▸ Task objective
Line by line, copy the records below exactly and leave the pictures out.
___
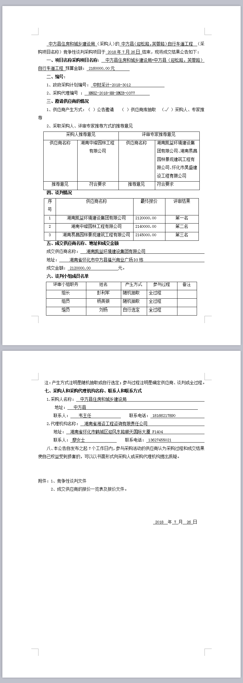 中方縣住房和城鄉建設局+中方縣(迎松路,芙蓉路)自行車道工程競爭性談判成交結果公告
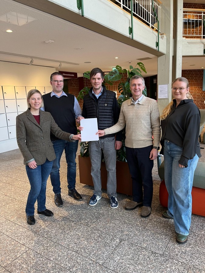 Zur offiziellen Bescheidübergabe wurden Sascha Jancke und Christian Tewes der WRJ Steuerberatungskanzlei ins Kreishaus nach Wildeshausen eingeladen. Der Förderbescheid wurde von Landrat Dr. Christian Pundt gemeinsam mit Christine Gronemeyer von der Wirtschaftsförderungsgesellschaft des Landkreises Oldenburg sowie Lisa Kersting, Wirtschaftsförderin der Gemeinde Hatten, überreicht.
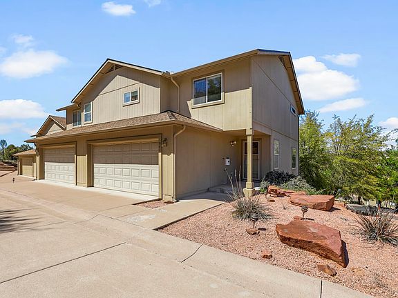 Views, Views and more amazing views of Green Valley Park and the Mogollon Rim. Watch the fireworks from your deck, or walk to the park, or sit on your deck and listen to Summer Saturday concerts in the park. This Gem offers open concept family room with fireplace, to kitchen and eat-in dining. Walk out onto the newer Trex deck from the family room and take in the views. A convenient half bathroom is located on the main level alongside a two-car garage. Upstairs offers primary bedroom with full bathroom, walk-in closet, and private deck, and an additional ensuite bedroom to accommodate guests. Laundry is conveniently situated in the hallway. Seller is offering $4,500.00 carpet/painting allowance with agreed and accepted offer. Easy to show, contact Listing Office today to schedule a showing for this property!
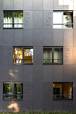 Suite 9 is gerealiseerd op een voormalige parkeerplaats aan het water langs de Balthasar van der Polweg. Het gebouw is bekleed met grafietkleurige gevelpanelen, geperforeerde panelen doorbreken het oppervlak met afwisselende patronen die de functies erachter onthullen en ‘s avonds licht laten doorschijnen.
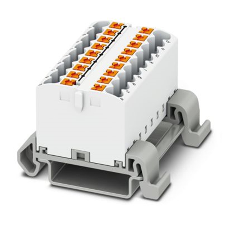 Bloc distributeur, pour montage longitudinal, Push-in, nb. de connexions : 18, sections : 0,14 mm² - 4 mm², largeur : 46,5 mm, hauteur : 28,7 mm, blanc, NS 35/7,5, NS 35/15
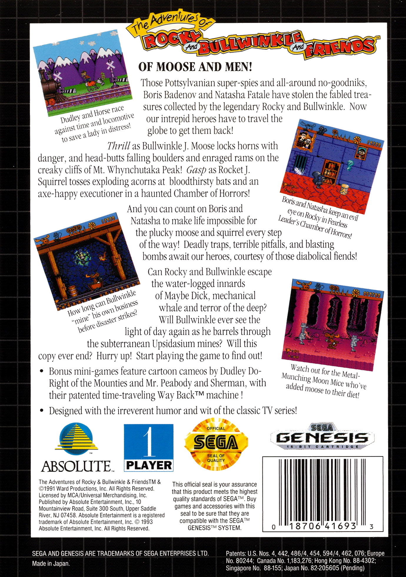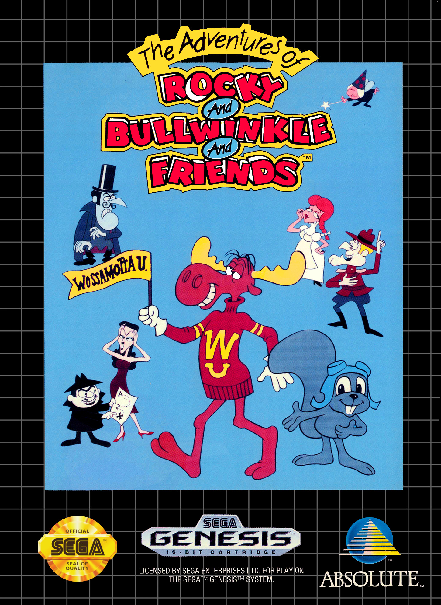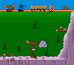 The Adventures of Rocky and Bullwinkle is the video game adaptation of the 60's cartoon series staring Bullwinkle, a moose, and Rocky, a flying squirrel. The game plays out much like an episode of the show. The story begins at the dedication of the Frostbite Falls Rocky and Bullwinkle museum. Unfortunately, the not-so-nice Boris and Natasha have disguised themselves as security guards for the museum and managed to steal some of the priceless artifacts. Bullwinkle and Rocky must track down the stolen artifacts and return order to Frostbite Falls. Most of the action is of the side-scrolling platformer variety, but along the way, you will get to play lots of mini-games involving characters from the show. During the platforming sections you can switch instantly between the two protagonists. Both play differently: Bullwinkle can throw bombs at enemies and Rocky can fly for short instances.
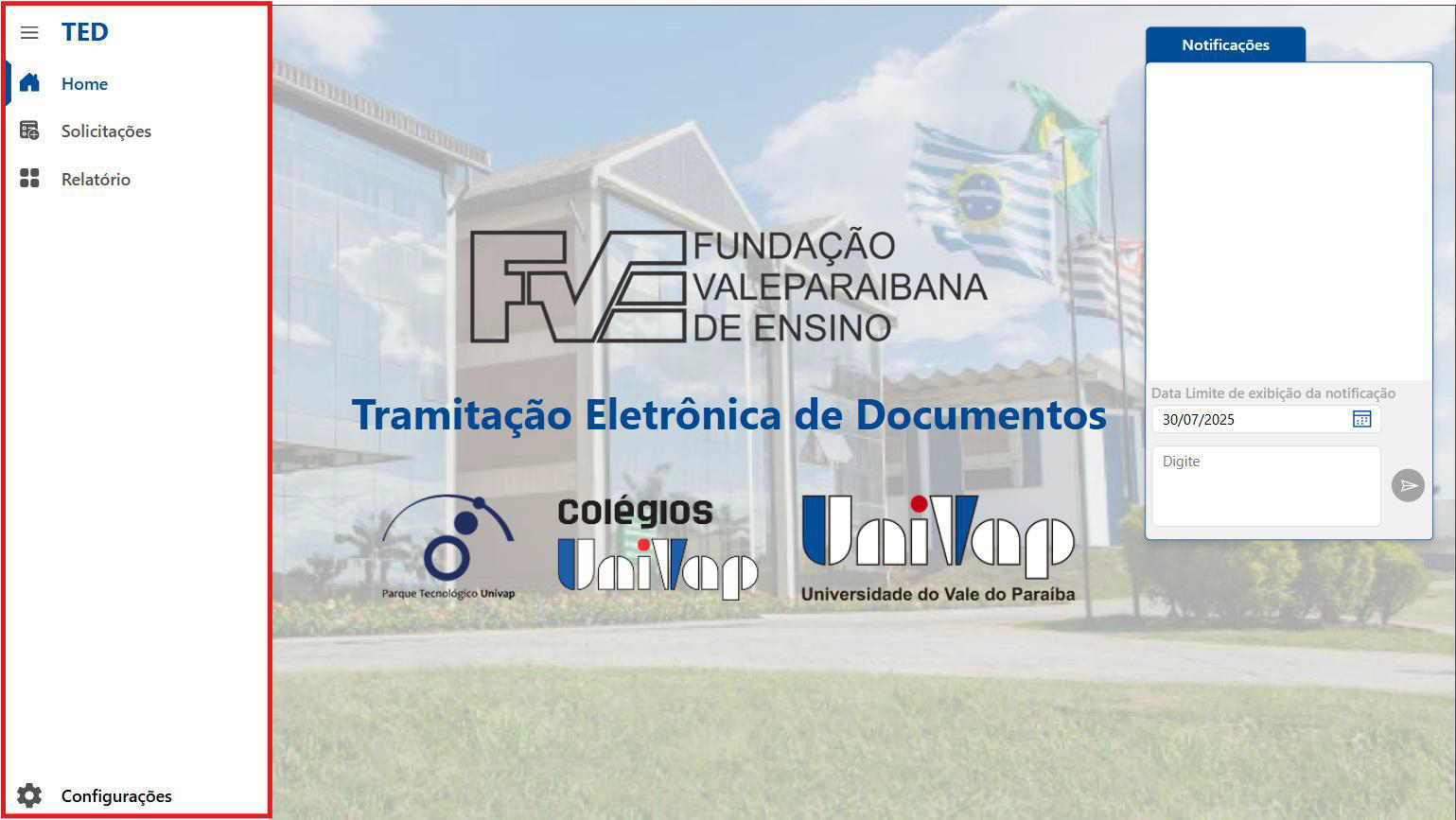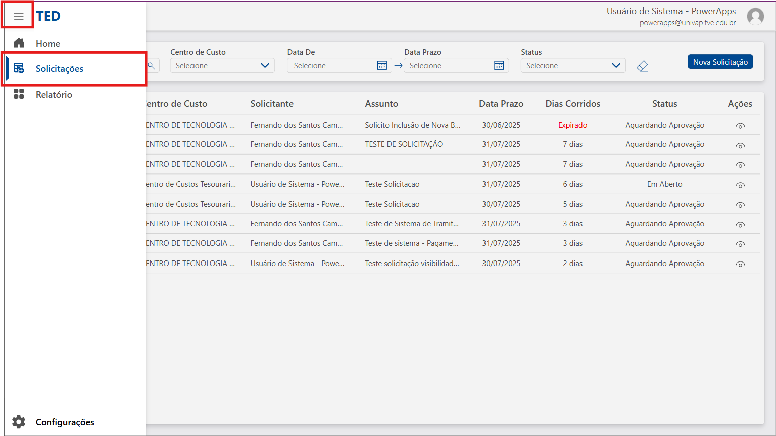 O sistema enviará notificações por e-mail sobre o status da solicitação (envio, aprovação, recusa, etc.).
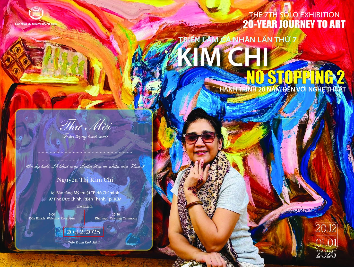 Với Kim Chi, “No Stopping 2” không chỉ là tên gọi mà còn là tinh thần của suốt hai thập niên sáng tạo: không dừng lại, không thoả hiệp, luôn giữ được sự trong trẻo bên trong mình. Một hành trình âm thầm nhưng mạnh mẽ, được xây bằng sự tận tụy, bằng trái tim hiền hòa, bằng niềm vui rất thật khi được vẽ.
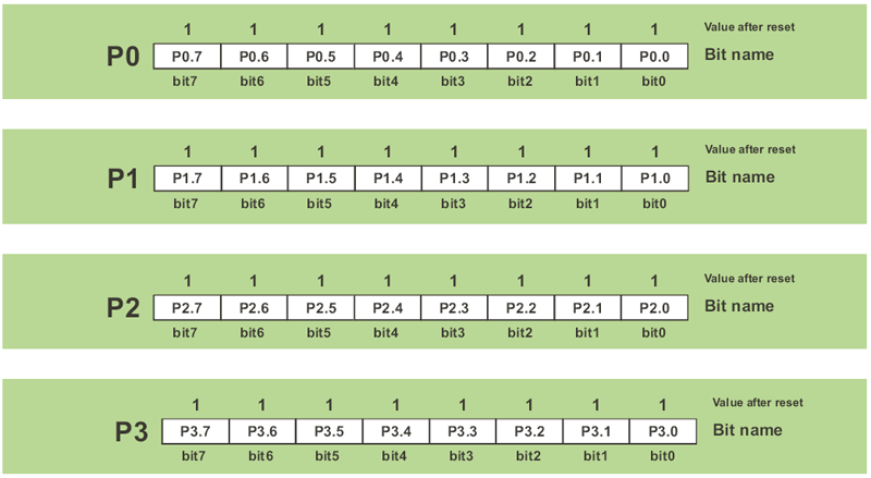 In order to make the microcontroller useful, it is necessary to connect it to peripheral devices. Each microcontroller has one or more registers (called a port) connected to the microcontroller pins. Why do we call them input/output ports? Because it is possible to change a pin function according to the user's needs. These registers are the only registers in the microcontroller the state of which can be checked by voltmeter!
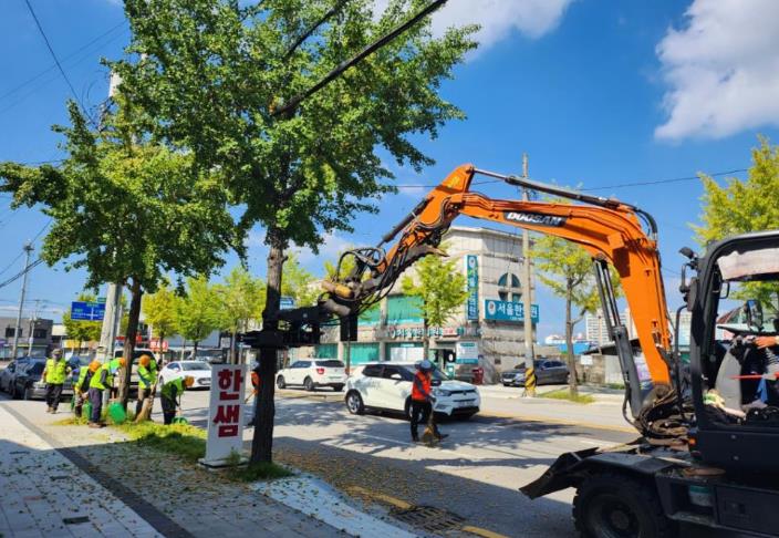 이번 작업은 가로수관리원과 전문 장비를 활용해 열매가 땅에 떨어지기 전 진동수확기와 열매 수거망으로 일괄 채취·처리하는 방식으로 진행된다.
___
▸ Completed exercise
 中方縣住房和城鄉建設局+中方縣(迎松路,芙蓉路)自行車道工程競爭性談判成交結果公告
 Zur offiziellen Bescheidübergabe wurden Sascha Jancke und Christian Tewes der WRJ Steuerberatungskanzlei ins Kreishaus nach Wildeshausen eingeladen. Der Förderbescheid wurde von Landrat Dr. Christian Pundt gemeinsam mit Christine Gronemeyer von der Wirtschaftsförderungsgesellschaft des Landkreises Oldenburg sowie Lisa Kersting, Wirtschaftsförderin der Gemeinde Hatten, überreicht.
 Views, Views and more amazing views of Green Valley Park and the Mogollon Rim. Watch the fireworks from your deck, or walk to the park, or sit on your deck and listen to Summer Saturday concerts in the park. This Gem offers open concept family room with fireplace, to kitchen and eat-in dining. Walk out onto the newer Trex deck from the family room and take in the views. A convenient half bathroom is located on the main level alongside a two-car garage. Upstairs offers primary bedroom with full bathroom, walk-in closet, and private deck, and an additional ensuite bedroom to accommodate guests. Laundry is conveniently situated in the hallway. Seller is offering $4,500.00 carpet/painting allowance with agreed and accepted offer. Easy to show, contact Listing Office today to schedule a showing for this property!
 Suite 9 is gerealiseerd op een voormalige parkeerplaats aan het water langs de Balthasar van der Polweg. Het gebouw is bekleed met grafietkleurige gevelpanelen, geperforeerde panelen doorbreken het oppervlak met afwisselende patronen die de functies erachter onthullen en ‘s avonds licht laten doorschijnen.
 Bloc distributeur, pour montage longitudinal, Push-in, nb. de connexions : 18, sections : 0,14 mm² - 4 mm², largeur : 46,5 mm, hauteur : 28,7 mm, blanc, NS 35/7,5, NS 35/15
 The Adventures of Rocky and Bullwinkle is the video game adaptation of the 60's cartoon series staring Bullwinkle, a moose, and Rocky, a flying squirrel. The game plays out much like an episode of the show. The story begins at the dedication of the Frostbite Falls Rocky and Bullwinkle museum. Unfortunately, the not-so-nice Boris and Natasha have disguised themselves as security guards for the museum and managed to steal some of the priceless artifacts. Bullwinkle and Rocky must track down the stolen artifacts and return order to Frostbite Falls. Most of the action is of the side-scrolling platformer variety, but along the way, you will get to play lots of mini-games involving characters from the show. During the platforming sections you can switch instantly between the two protagonists. Both play differently: Bullwinkle can throw bombs at enemies and Rocky can fly for short instances.
 O sistema enviará notificações por e-mail sobre o status da solicitação (envio, aprovação, recusa, etc.).
 Với Kim Chi, “No Stopping 2” không chỉ là tên gọi mà còn là tinh thần của suốt hai thập niên sáng tạo: không dừng lại, không thoả hiệp, luôn giữ được sự trong trẻo bên trong mình. Một hành trình âm thầm nhưng mạnh mẽ, được xây bằng sự tận tụy, bằng trái tim hiền hòa, bằng niềm vui rất thật khi được vẽ.
 In order to make the microcontroller useful, it is necessary to connect it to peripheral devices. Each microcontroller has one or more registers (called a port) connected to the microcontroller pins. Why do we call them input/output ports? Because it is possible to change a pin function according to the user's needs. These registers are the only registers in the microcontroller the state of which can be checked by voltmeter!
 이번 작업은 가로수관리원과 전문 장비를 활용해 열매가 땅에 떨어지기 전 진동수확기와 열매 수거망으로 일괄 채취·처리하는 방식으로 진행된다.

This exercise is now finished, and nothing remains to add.